(Entries supplied)

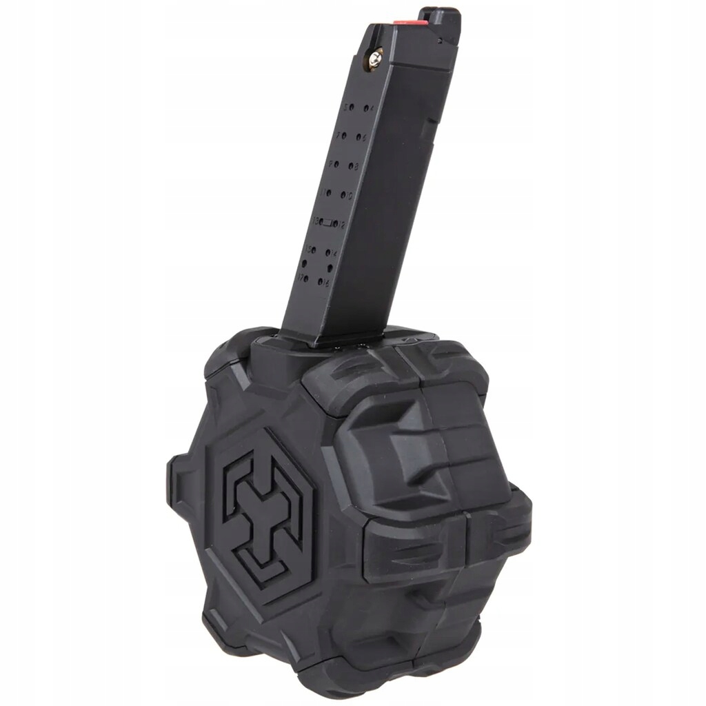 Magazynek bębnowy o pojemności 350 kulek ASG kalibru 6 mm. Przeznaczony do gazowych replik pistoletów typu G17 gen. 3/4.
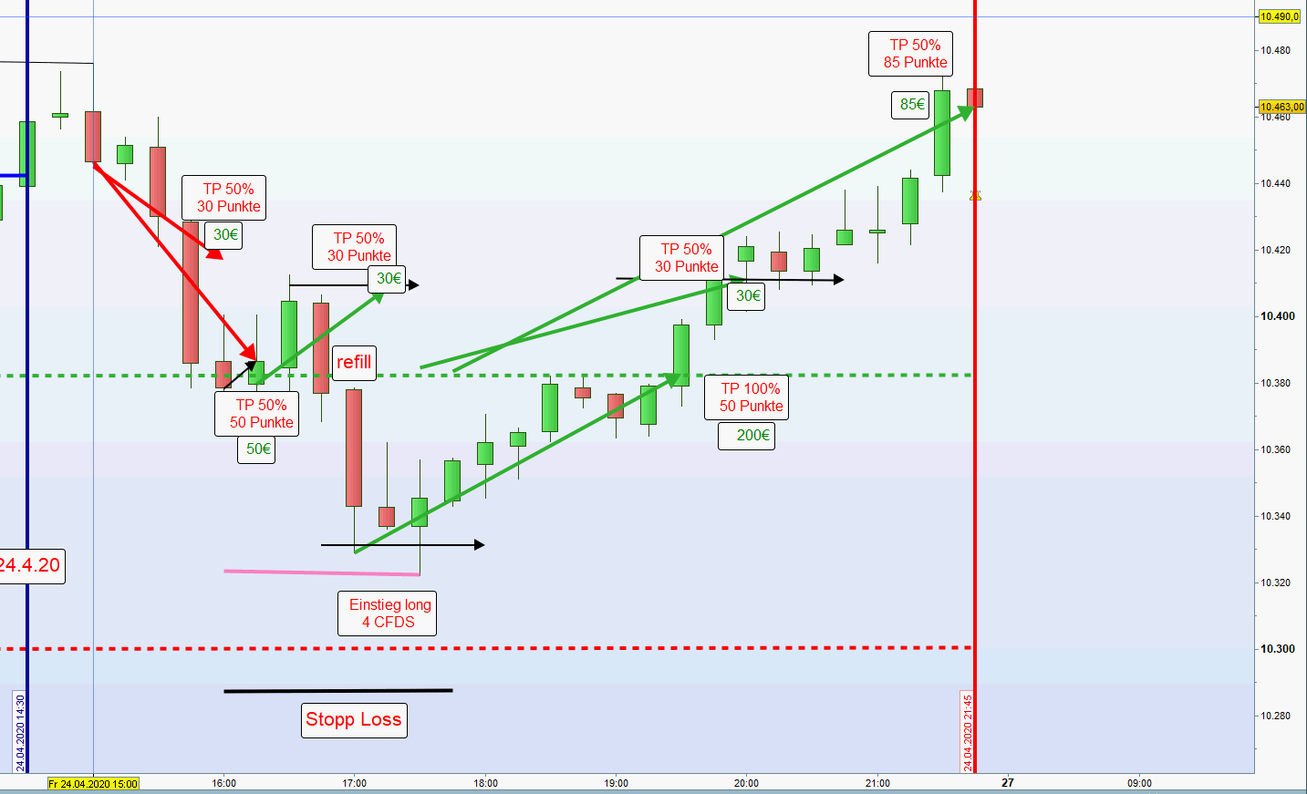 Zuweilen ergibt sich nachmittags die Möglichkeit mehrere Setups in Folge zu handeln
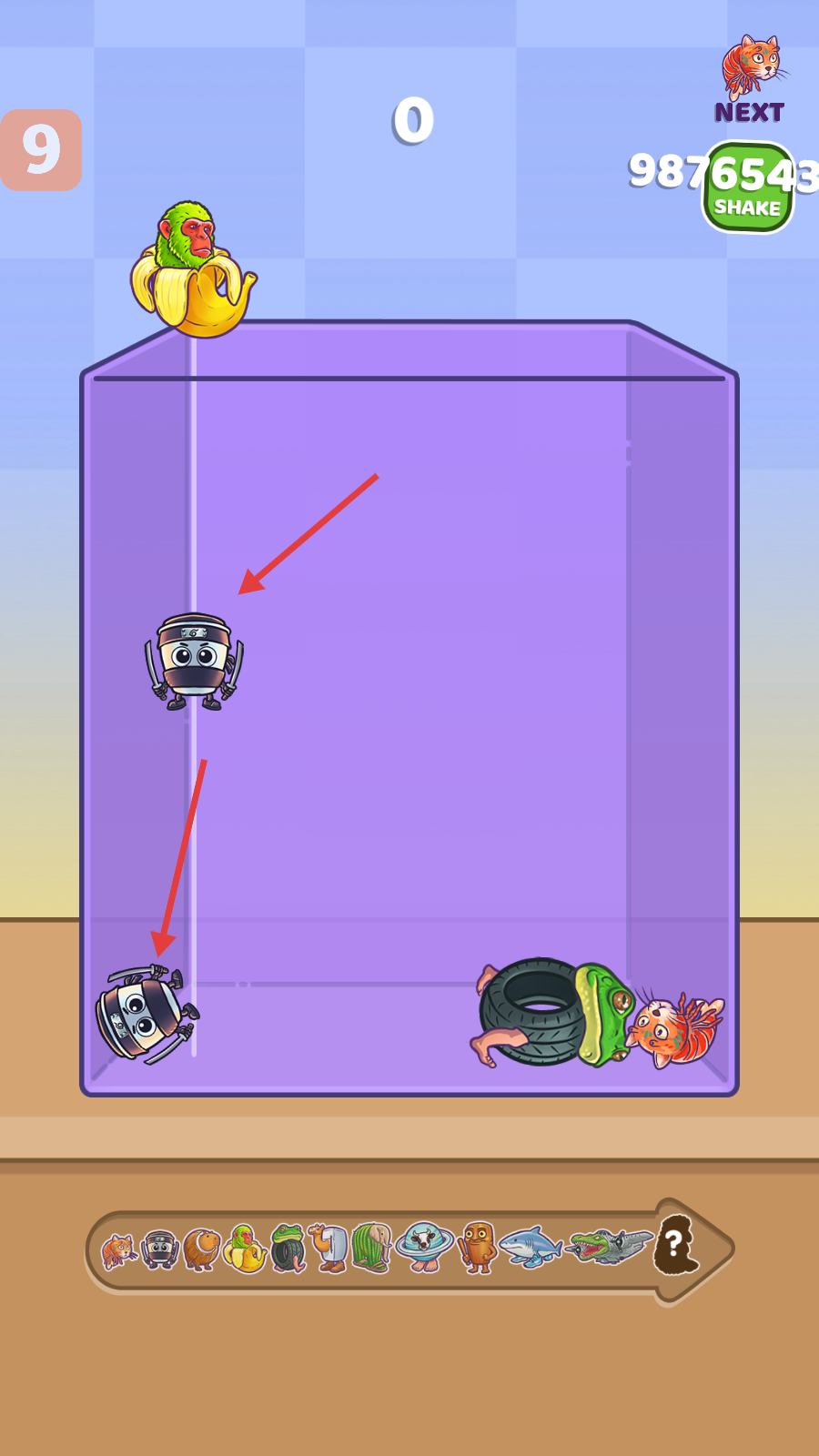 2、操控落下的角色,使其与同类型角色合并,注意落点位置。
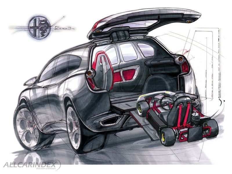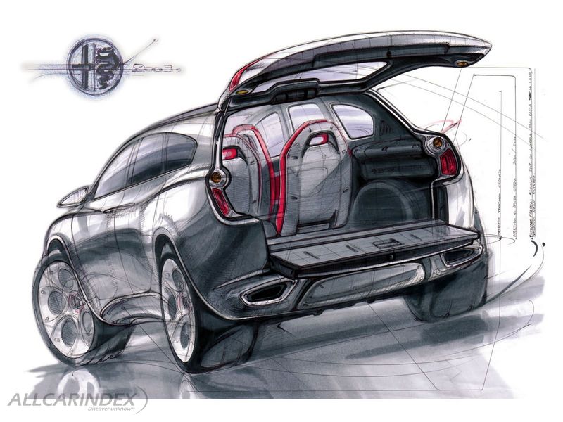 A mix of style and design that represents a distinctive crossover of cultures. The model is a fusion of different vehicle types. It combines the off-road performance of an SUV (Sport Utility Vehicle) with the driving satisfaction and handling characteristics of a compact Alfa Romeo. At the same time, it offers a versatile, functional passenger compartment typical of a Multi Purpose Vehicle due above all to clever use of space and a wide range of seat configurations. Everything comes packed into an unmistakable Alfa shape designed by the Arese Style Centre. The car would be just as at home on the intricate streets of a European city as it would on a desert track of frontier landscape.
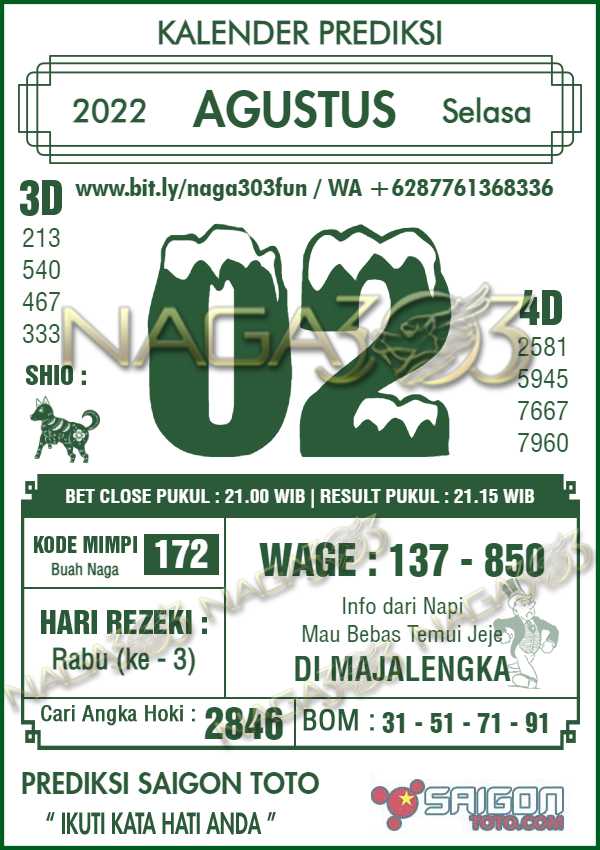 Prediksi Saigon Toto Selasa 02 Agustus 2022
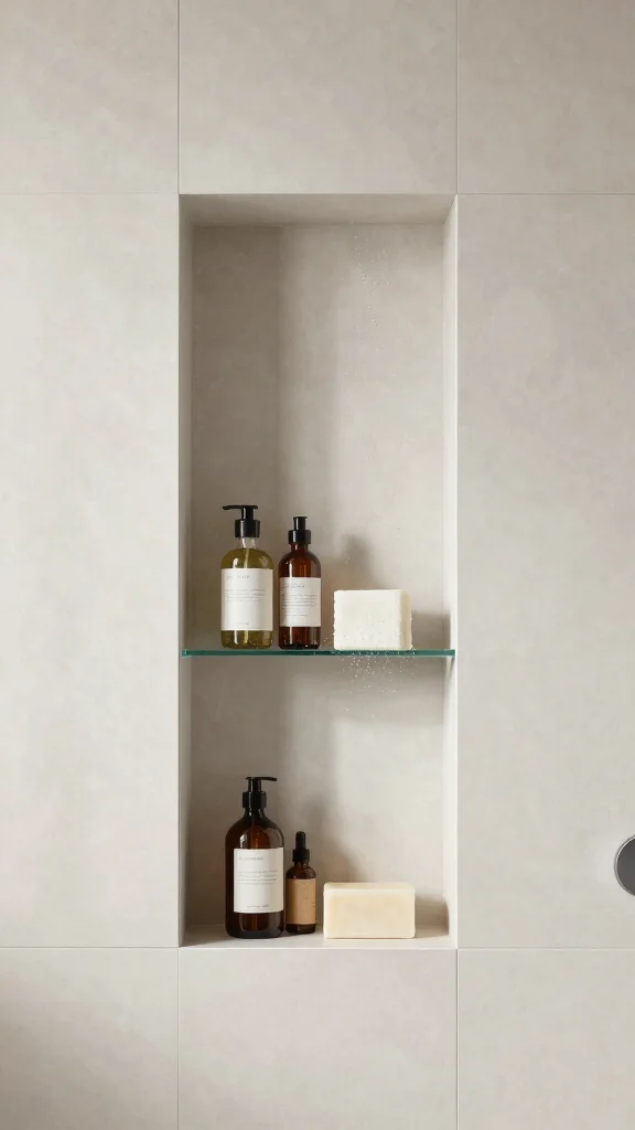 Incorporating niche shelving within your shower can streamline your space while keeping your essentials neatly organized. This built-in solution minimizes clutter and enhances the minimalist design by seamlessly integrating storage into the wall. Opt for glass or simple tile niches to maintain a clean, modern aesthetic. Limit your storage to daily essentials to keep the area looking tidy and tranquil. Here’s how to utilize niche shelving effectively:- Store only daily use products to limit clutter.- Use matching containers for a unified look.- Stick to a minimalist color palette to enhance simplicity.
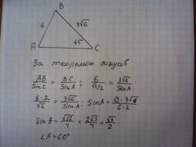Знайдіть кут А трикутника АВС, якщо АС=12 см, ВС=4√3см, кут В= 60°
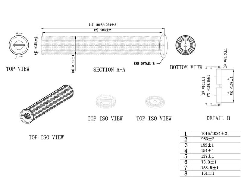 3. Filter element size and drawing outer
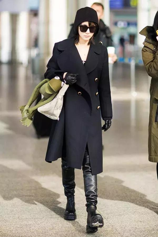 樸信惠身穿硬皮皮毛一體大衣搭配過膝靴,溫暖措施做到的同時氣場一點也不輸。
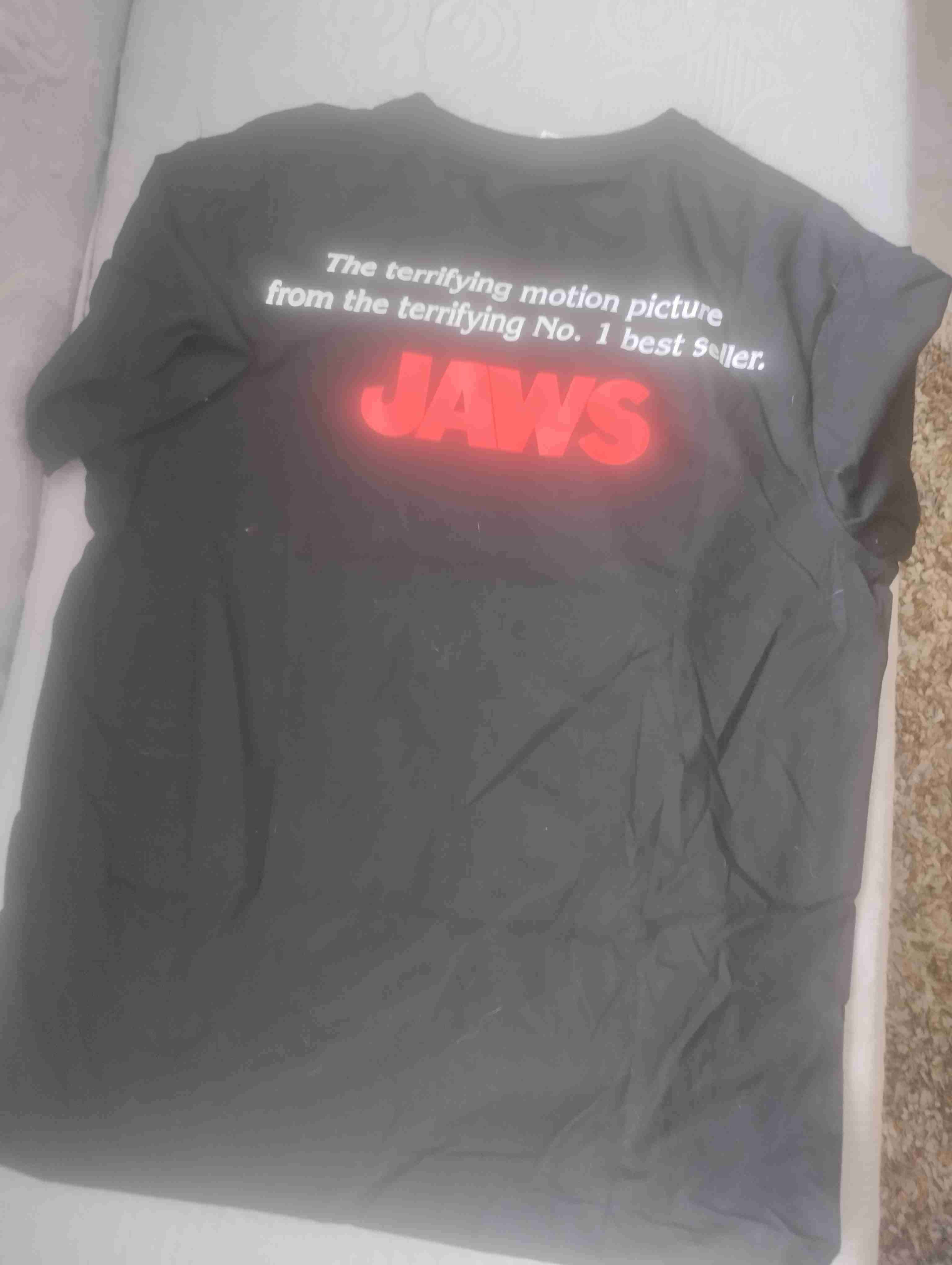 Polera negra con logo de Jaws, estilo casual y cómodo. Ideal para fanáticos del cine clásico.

(End Entries supplied)

What you have to do
Before answering, please find the line containing "Знайдіть кут А" above, then copy exactly from it through the last line of the entries, both included, without pictures.

Output for this exercise
Знайдіть кут А трикутника АВС, якщо АС=12 см, ВС=4√3см, кут В= 60°
 3. Filter element size and drawing outer
 樸信惠身穿硬皮皮毛一體大衣搭配過膝靴,溫暖措施做到的同時氣場一點也不輸。
 Polera negra con logo de Jaws, estilo casual y cómodo. Ideal para fanáticos del cine clásico.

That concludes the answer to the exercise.